Sunday, January 18, 2009

Nathaniel Lord Britton and William Starling Sullivant


Botanist and Taxonomist Nathaniel Lord Britton was born on January 15, 1857 at New Dorp, Staten Island, New York. Britton founded (1891) and served as Director-in-Chief (1895-1929) of the New York Botanical Garden. Among his other botanical accomplishments were publications of such works as The Flora of Bermuda (1918), The Bahama Flora (1920, with Charles F. Millspaugh), The Cactaceae (1924, with Joseph Nelson Rose), and An Illustrated Flora of the Northern United States and Canada (1896-1898, financed by Judge Addison Brown). Britton also began Flora Borinquena (a flora of Puerto Rico), but was not able to finish this work before he passed away in 1934.

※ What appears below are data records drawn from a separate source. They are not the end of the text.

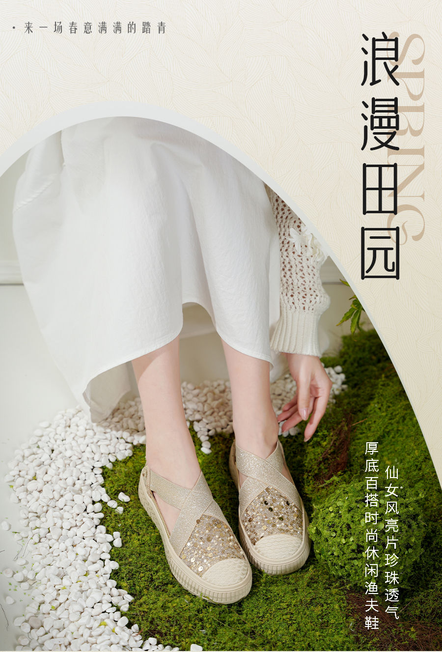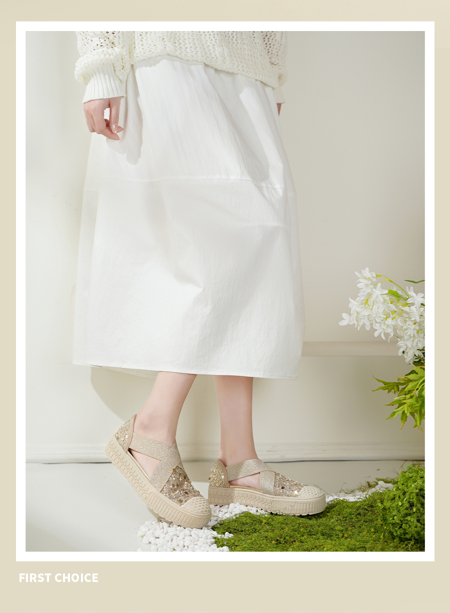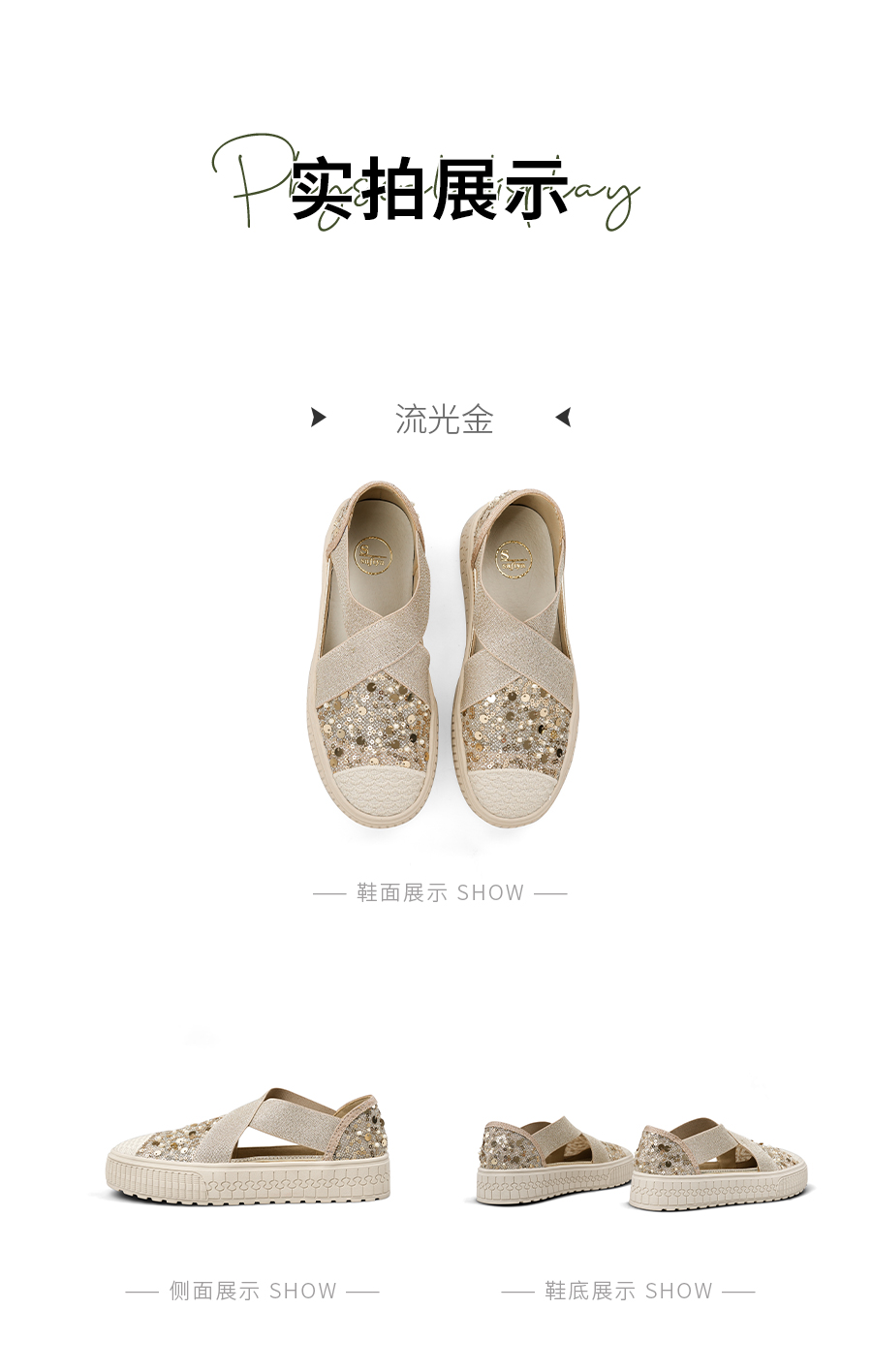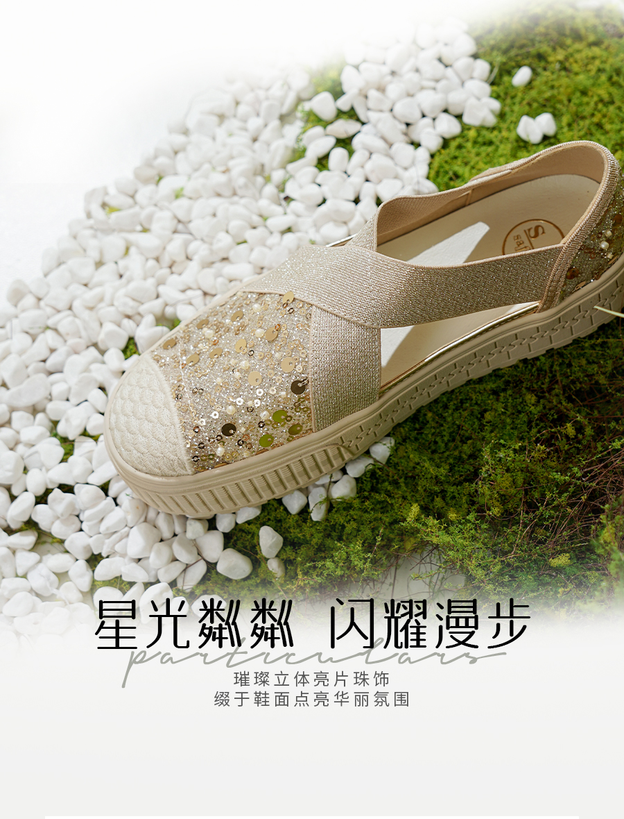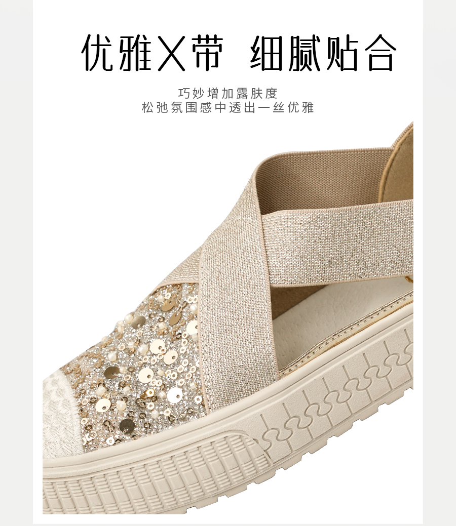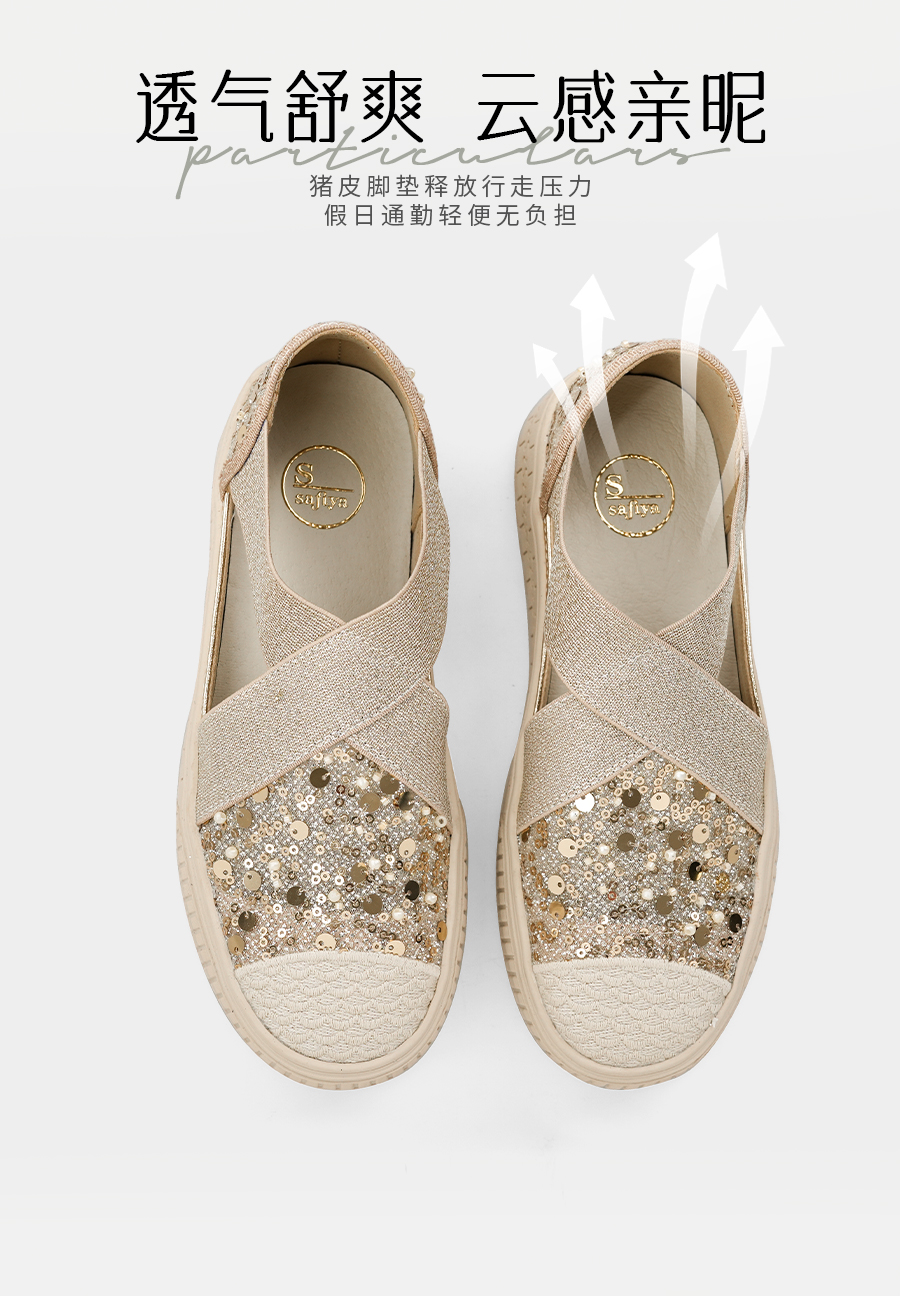 预售7天|Safiya/索菲娅2025仙女风亮片珍珠透气厚底百搭时尚休闲渔夫鞋SFD3112406
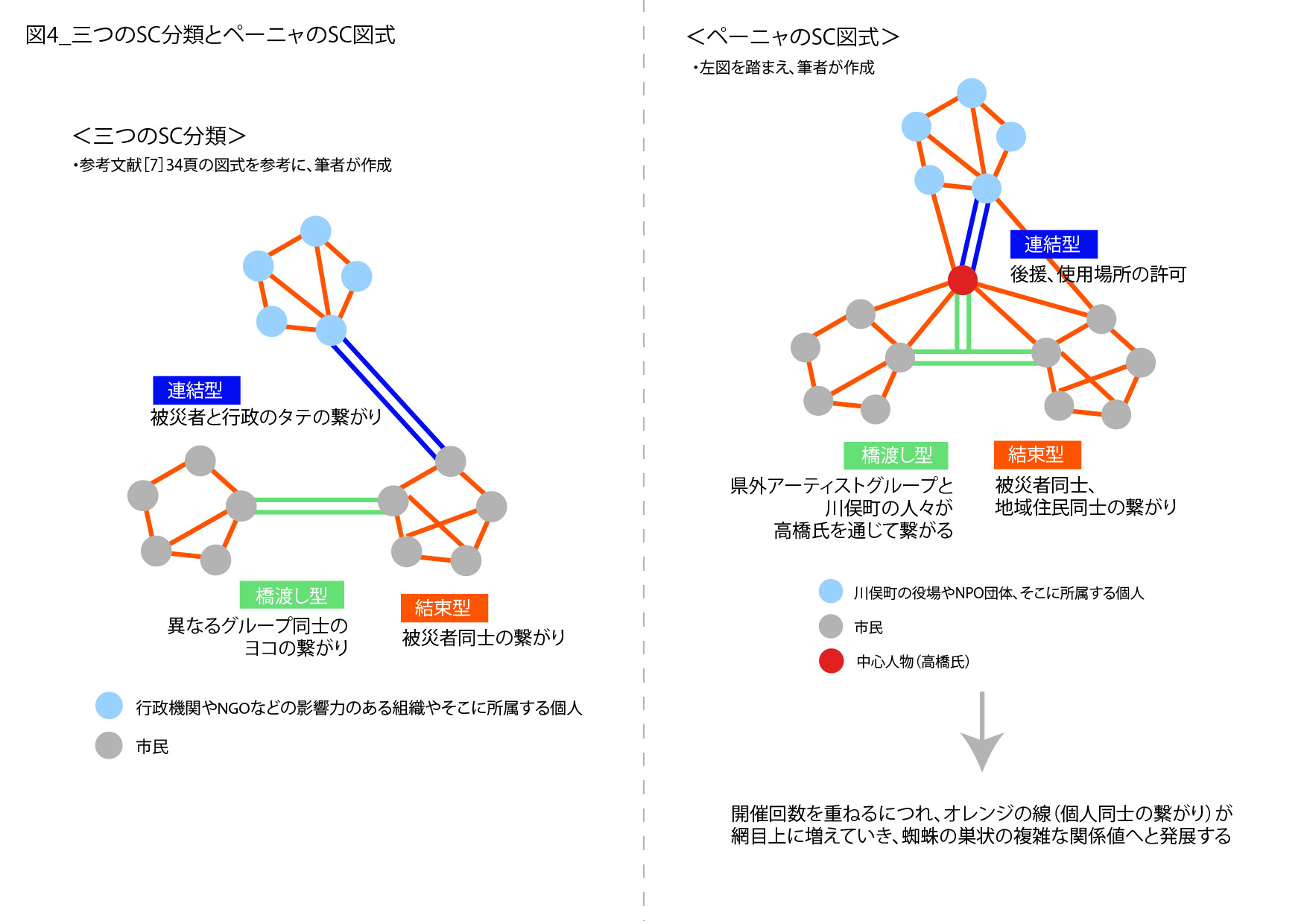 SCを分類する上で、被災者同士の繋がりを示す「結束型」、(出身地や所属など)異なるグループ同士の繋がりを示す「橋渡し型」、行政と被災者の繋がりを示す「連結型」の三つが挙げられる(12)が、ペーニャは中心人物である高橋氏を介して、全てのSC分類が機能していると分析できる(図4)。
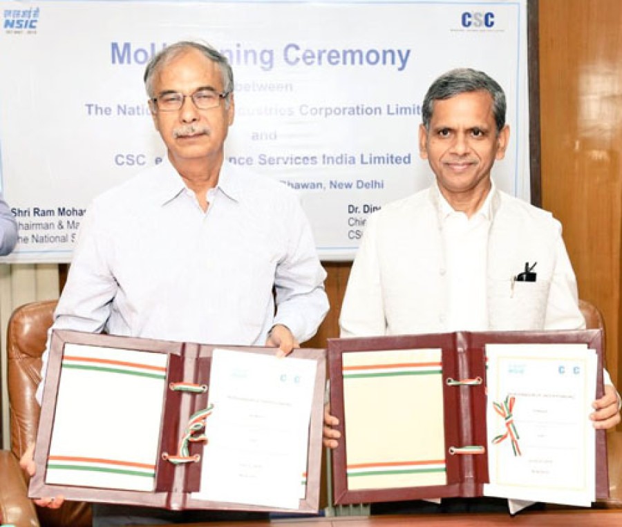 एनएसआईसी का ई-गवर्नेंस सर्विसेज इंडिया से समझौता सीएससी को एनएससी पोर्टल www.msmemart.com के माध्यम से एनएसआईसी की विभिन्न सुविधाओं का उपयोग करने में सक्षम बनाएगा। सीएससी के सीईओ डॉ दिनेश कुमार त्यागी ने कहा कि सीएससी विपणन, वित्त, प्रौद्योगिकी और अन्य सुझावों को शामिल करते हुए एनएसआईसी एकीकृत सहायता सेवाओं की सुविधाओं को प्राप्त करने में डिजिटल सशक्तिकरण के माध्यम से वीएलई और एमएसएमई की सहायता करेगा।

Botanist, Bryologist, Surveyor, and Engineer William Starling Sullivant was born on January 15, 1803 in Franklinton, Ohio. Sullivant's major contribution in terms of vascular plants was A Catalogue of Plants, Native or Naturalized, in the Vicinity of Columbus, Ohio (1840). After this work, Sullivant turned his focus to mosses. Sullivant published Musci Alleghanienses (1845), Contributions to the Bryology and Hepaticology of North America (1846-1849), The Musci and Hepaticae of the United States East of the Mississippi River (1856), Musci Boreali Americani Exsiccati (1856, with Leo Lesquereux), Musci Cubensis (1860, based on collections by Charles Wright in Cuba), and Icones Muscorum (1864, 1874). The Saxifragaceous plant Sullivantia ohionis (now known as Sullivantia sullivantii) was first discovered by Sullivant in Ohio, and was named for him by Asa Gray and John Torrey; Asclepias sullivantii (Asclepiadaceae) was also named for Sullivant, who discovered it). Sullivant passed away in 1873, before he was able to finish working on bryophyte publications for Venezuela (based on collections by August Fendler) and the North Pacific (based on collections by Charles Wright).